● Extracted records:

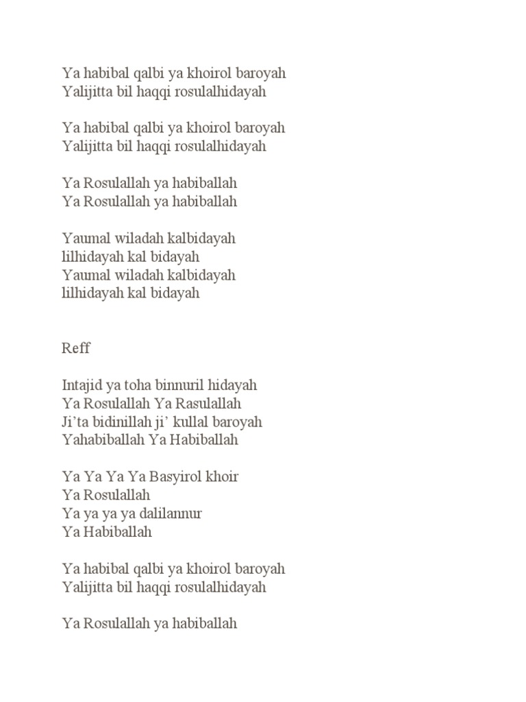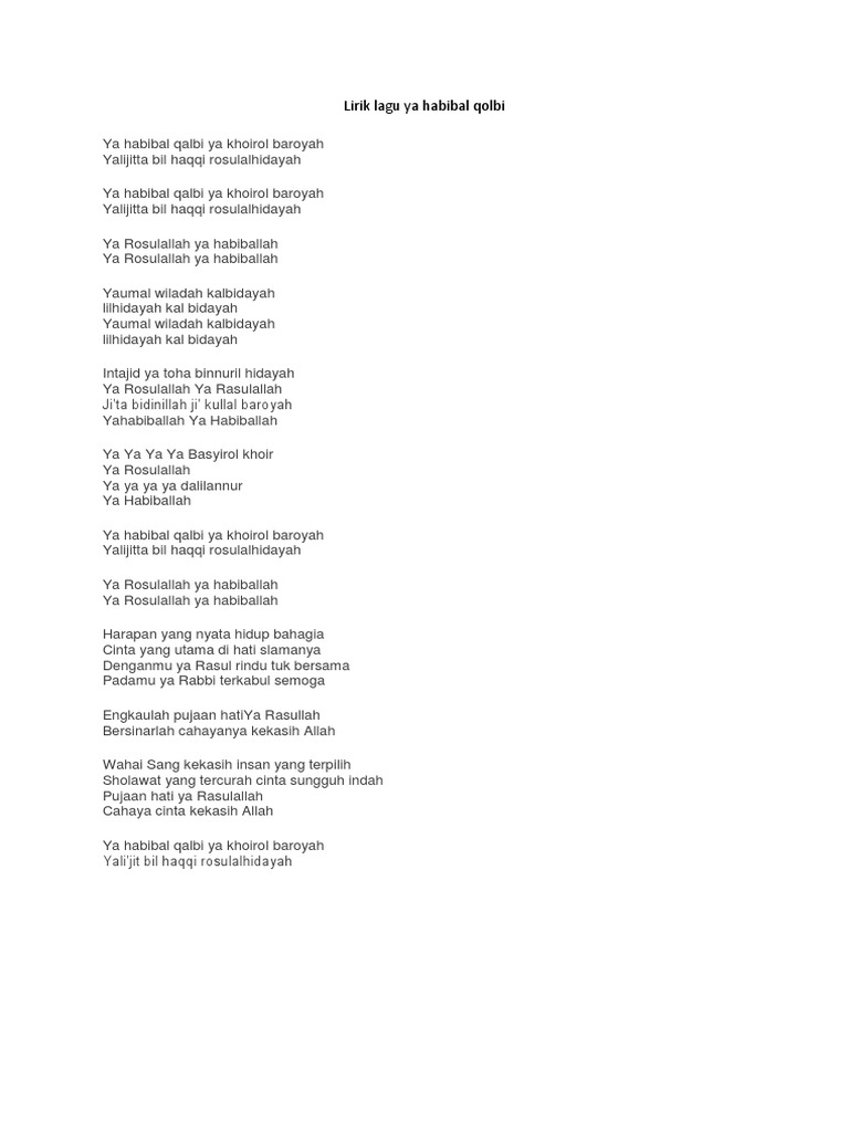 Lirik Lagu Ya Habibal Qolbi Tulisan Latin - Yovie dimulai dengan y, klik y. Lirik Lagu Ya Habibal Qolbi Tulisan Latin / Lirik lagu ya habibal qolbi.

---

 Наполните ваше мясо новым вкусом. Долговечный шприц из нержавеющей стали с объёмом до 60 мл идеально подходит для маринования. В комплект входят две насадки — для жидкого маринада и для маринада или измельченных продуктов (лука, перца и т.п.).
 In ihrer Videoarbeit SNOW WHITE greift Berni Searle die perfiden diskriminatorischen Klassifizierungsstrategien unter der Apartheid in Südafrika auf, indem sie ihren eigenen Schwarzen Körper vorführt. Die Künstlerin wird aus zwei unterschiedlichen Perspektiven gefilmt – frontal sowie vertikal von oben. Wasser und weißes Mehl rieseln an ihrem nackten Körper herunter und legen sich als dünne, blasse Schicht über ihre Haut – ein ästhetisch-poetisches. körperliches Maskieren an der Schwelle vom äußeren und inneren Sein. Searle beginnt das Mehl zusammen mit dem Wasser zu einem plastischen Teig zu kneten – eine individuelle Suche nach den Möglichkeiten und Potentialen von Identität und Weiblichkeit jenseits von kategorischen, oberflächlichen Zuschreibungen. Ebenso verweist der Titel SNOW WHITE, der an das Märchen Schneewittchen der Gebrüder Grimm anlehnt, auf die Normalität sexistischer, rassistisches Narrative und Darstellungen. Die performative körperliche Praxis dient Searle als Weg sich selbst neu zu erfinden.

● Your assignment: Reproduce exactly the stretch of the material above that starts at the line with "Наполните ваше мясо" and ends at the line with "In ihrer Videoarbeit", both included, and nothing else.

● Answer to the exercise:
 Наполните ваше мясо новым вкусом. Долговечный шприц из нержавеющей стали с объёмом до 60 мл идеально подходит для маринования. В комплект входят две насадки — для жидкого маринада и для маринада или измельченных продуктов (лука, перца и т.п.).
 In ihrer Videoarbeit SNOW WHITE greift Berni Searle die perfiden diskriminatorischen Klassifizierungsstrategien unter der Apartheid in Südafrika auf, indem sie ihren eigenen Schwarzen Körper vorführt. Die Künstlerin wird aus zwei unterschiedlichen Perspektiven gefilmt – frontal sowie vertikal von oben. Wasser und weißes Mehl rieseln an ihrem nackten Körper herunter und legen sich als dünne, blasse Schicht über ihre Haut – ein ästhetisch-poetisches. körperliches Maskieren an der Schwelle vom äußeren und inneren Sein. Searle beginnt das Mehl zusammen mit dem Wasser zu einem plastischen Teig zu kneten – eine individuelle Suche nach den Möglichkeiten und Potentialen von Identität und Weiblichkeit jenseits von kategorischen, oberflächlichen Zuschreibungen. Ebenso verweist der Titel SNOW WHITE, der an das Märchen Schneewittchen der Gebrüder Grimm anlehnt, auf die Normalität sexistischer, rassistisches Narrative und Darstellungen. Die performative körperliche Praxis dient Searle als Weg sich selbst neu zu erfinden.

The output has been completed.